- _Problem details_:
Pictures do not belong in the copy; quote every entry below exactly.

- _Given records_:
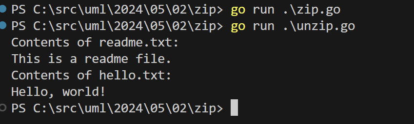 package mainimport ( "archive/zip" "fmt" "io" "os")func main() { // 打开ZIP文件 r, err := zip.OpenReader("example.zip") if err != nil { panic(err) } defer r.Close() // 遍历ZIP包中的每个文件和目录 for _, f := range r.File { fmt.Printf("Contents of %s:", f.Name) rc, err := f.Open() if err != nil { panic(err) } _, err = io.Copy(os.Stdout, rc) rc.Close() if err != nil { panic(err) } fmt.Println() }}
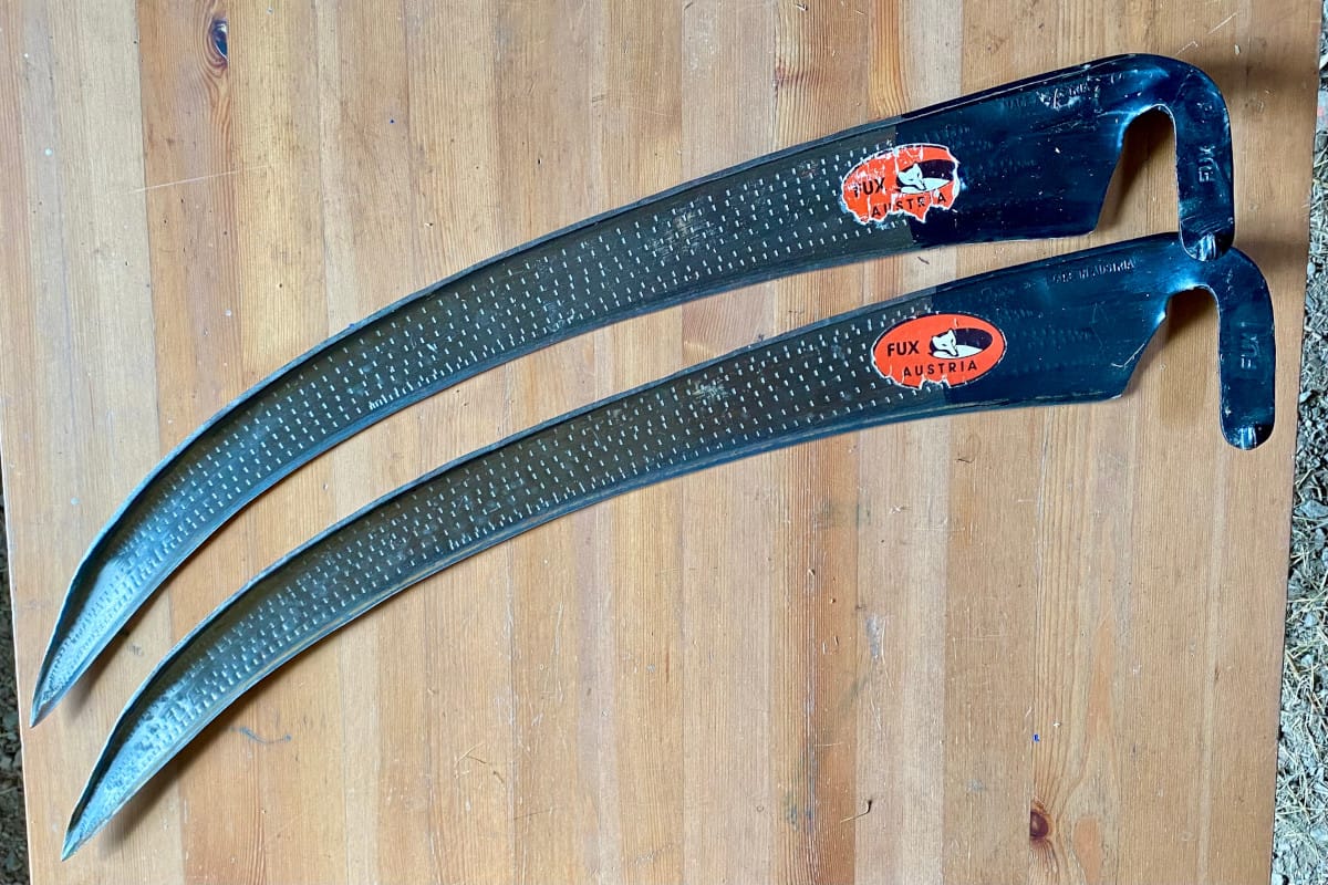These blades were used on a scythe course in 2025. They have been edge peened by Phil but show some signs of light use (worn label, some wear to lacquer) and have some minor rust marking under the lacquer. The marking will have no long term impact on their function.
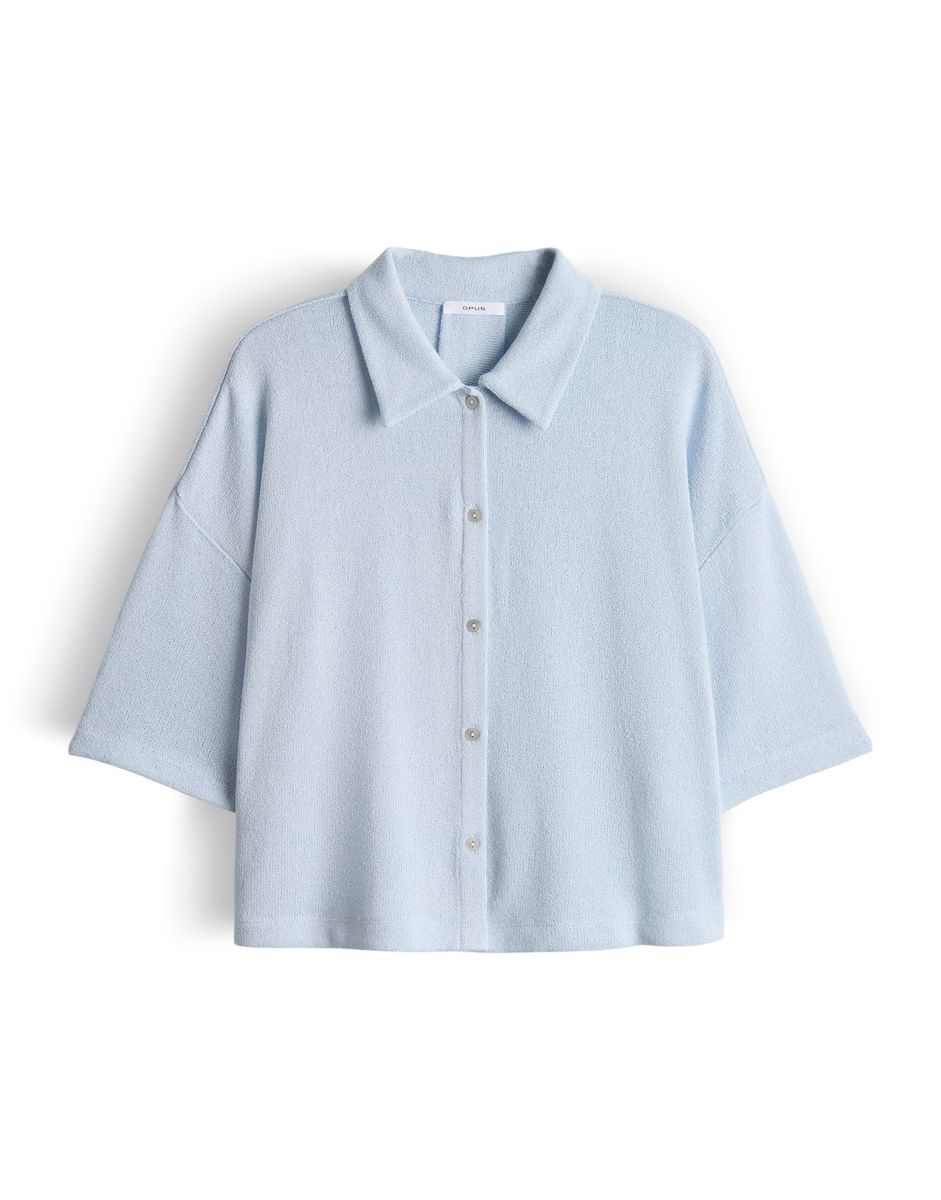 lockere Passform, gerader Schnitt, verkürzte Länge, überschnittene Schulter mit Kurzarm, Polokragen, Rückenlänge ca. 52 cm bei Größe 36, Model Größe 177 cm – trägt Größe 36, Jersey, Strick Optik, natürlicher Griff, leichte Transparenz im hellen Farbton, Kellerfalte im Rücken, Knopfleiste
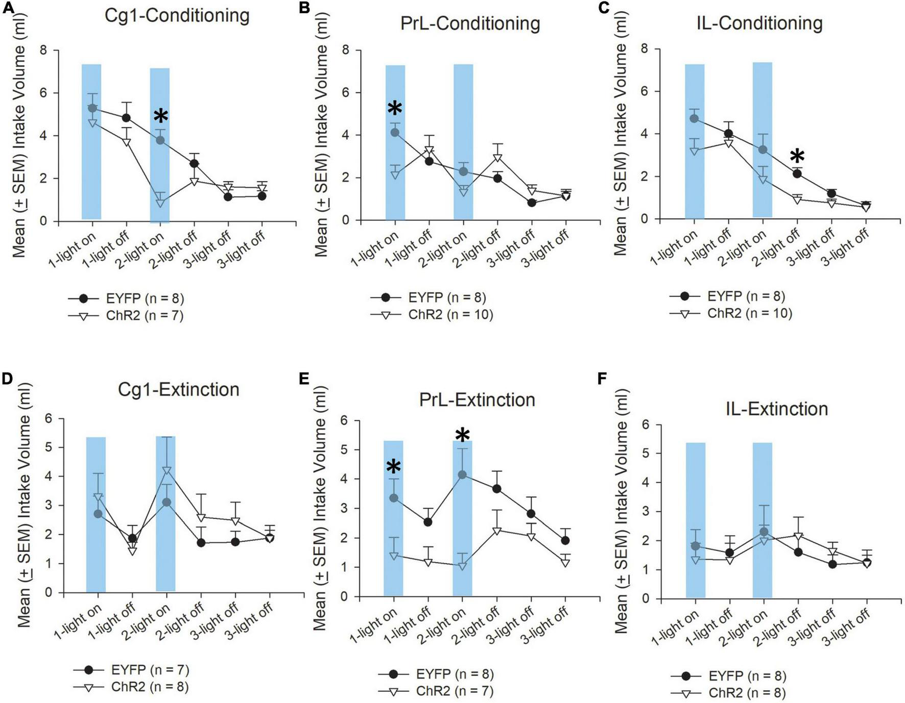 In some cases, to identify whether the intake volume of saccharin solution was significantly different between light-off or light-on treatments, a one-way ANOVA was performed to evaluate the mean (±SEM) intake volume of saccharin solution for light-off and light-on sessions between the EYFP and ChR2 groups. Additionally, the mean (±SEM) intake volume of saccharin solution was analyzed by one-way ANOVA in light-on 1, light-off 1, light-on 2, light-off 2, and twice light-off 3 between the EYFP and ChR2 groups in the Cg1, PrL, and IL during conditioning and extinction phases. p < 0.05 was considered statistically significant.
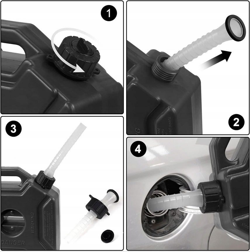 Каністра виготовлена з надзвичайно міцного матеріалу. Кришка, що загвинчується, оснащена безпечним гумовим ущільнювачем, встановленим на знімній воронці. Гарантована герметичність дозволяє транспортувати його без ризику випадкового забруднення та проливання. З протилежного боку кришки заливної горловини є вентиляційна пробка - вона зменшує повітря та розбризкування під час заливання палива.

- _Reply_:
 package mainimport ( "archive/zip" "fmt" "io" "os")func main() { // 打开ZIP文件 r, err := zip.OpenReader("example.zip") if err != nil { panic(err) } defer r.Close() // 遍历ZIP包中的每个文件和目录 for _, f := range r.File { fmt.Printf("Contents of %s:", f.Name) rc, err := f.Open() if err != nil { panic(err) } _, err = io.Copy(os.Stdout, rc) rc.Close() if err != nil { panic(err) } fmt.Println() }}
These blades were used on a scythe course in 2025. They have been edge peened by Phil but show some signs of light use (worn label, some wear to lacquer) and have some minor rust marking under the lacquer. The marking will have no long term impact on their function.
 lockere Passform, gerader Schnitt, verkürzte Länge, überschnittene Schulter mit Kurzarm, Polokragen, Rückenlänge ca. 52 cm bei Größe 36, Model Größe 177 cm – trägt Größe 36, Jersey, Strick Optik, natürlicher Griff, leichte Transparenz im hellen Farbton, Kellerfalte im Rücken, Knopfleiste
 In some cases, to identify whether the intake volume of saccharin solution was significantly different between light-off or light-on treatments, a one-way ANOVA was performed to evaluate the mean (±SEM) intake volume of saccharin solution for light-off and light-on sessions between the EYFP and ChR2 groups. Additionally, the mean (±SEM) intake volume of saccharin solution was analyzed by one-way ANOVA in light-on 1, light-off 1, light-on 2, light-off 2, and twice light-off 3 between the EYFP and ChR2 groups in the Cg1, PrL, and IL during conditioning and extinction phases. p < 0.05 was considered statistically significant.
 Каністра виготовлена з надзвичайно міцного матеріалу. Кришка, що загвинчується, оснащена безпечним гумовим ущільнювачем, встановленим на знімній воронці. Гарантована герметичність дозволяє транспортувати його без ризику випадкового забруднення та проливання. З протилежного боку кришки заливної горловини є вентиляційна пробка - вона зменшує повітря та розбризкування під час заливання палива.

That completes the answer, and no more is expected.